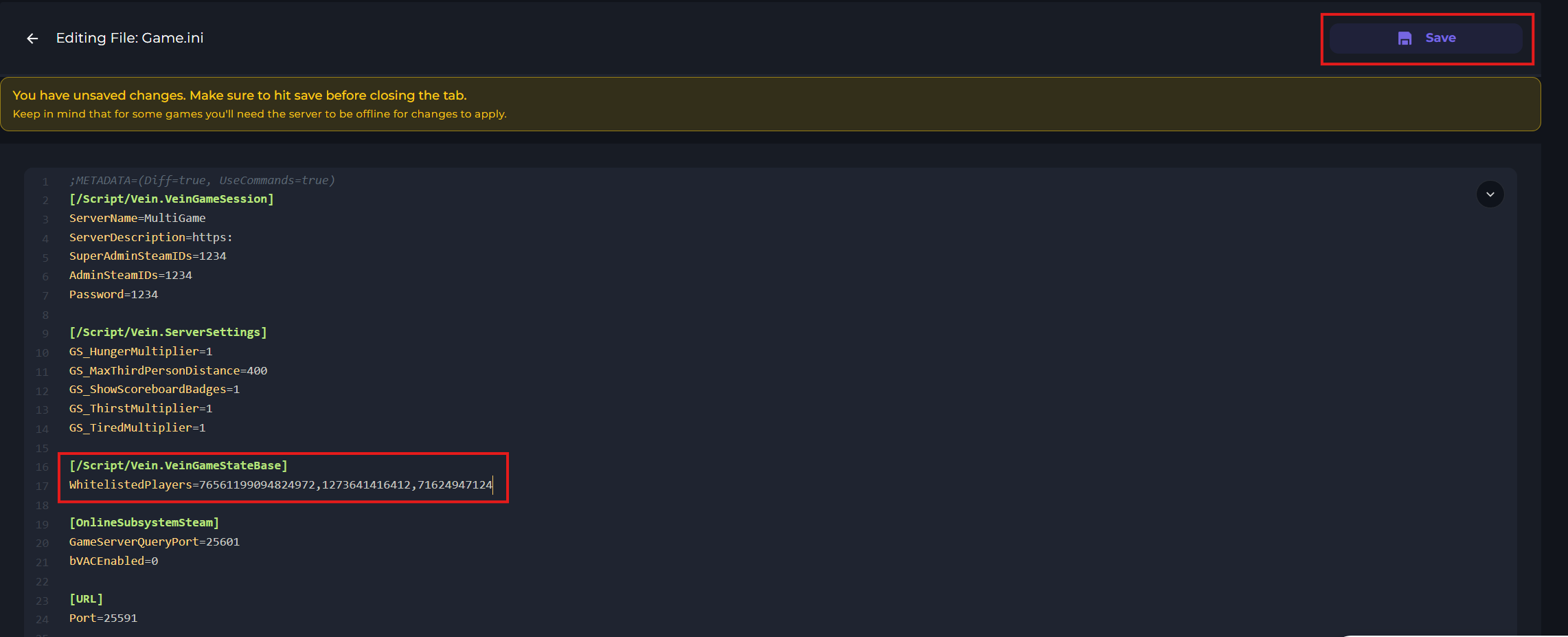 In the game.ini file, you'll see a line of text to add players to your whilelist. You'd need to input steam64ID. You can find out how to find a steam64ID on this guide.
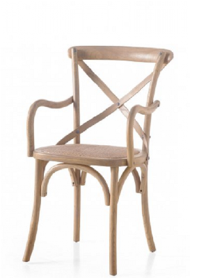 Sedia Patrizia in olmo lucido naturale e seduta in rattan naturale
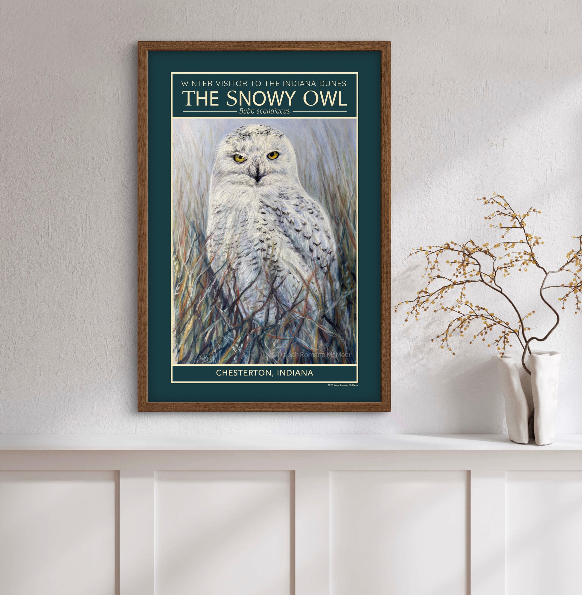 A snowy owl’s winter stay along the Indiana Dunes inspired this vintage-style poster, developed from an original soft pastel painting.

Exercise objective -> From the first line to the last, retype the data exactly, but omit every image.

Solution for this task ->
 In the game.ini file, you'll see a line of text to add players to your whilelist. You'd need to input steam64ID. You can find out how to find a steam64ID on this guide.
 Sedia Patrizia in olmo lucido naturale e seduta in rattan naturale
 A snowy owl’s winter stay along the Indiana Dunes inspired this vintage-style poster, developed from an original soft pastel painting.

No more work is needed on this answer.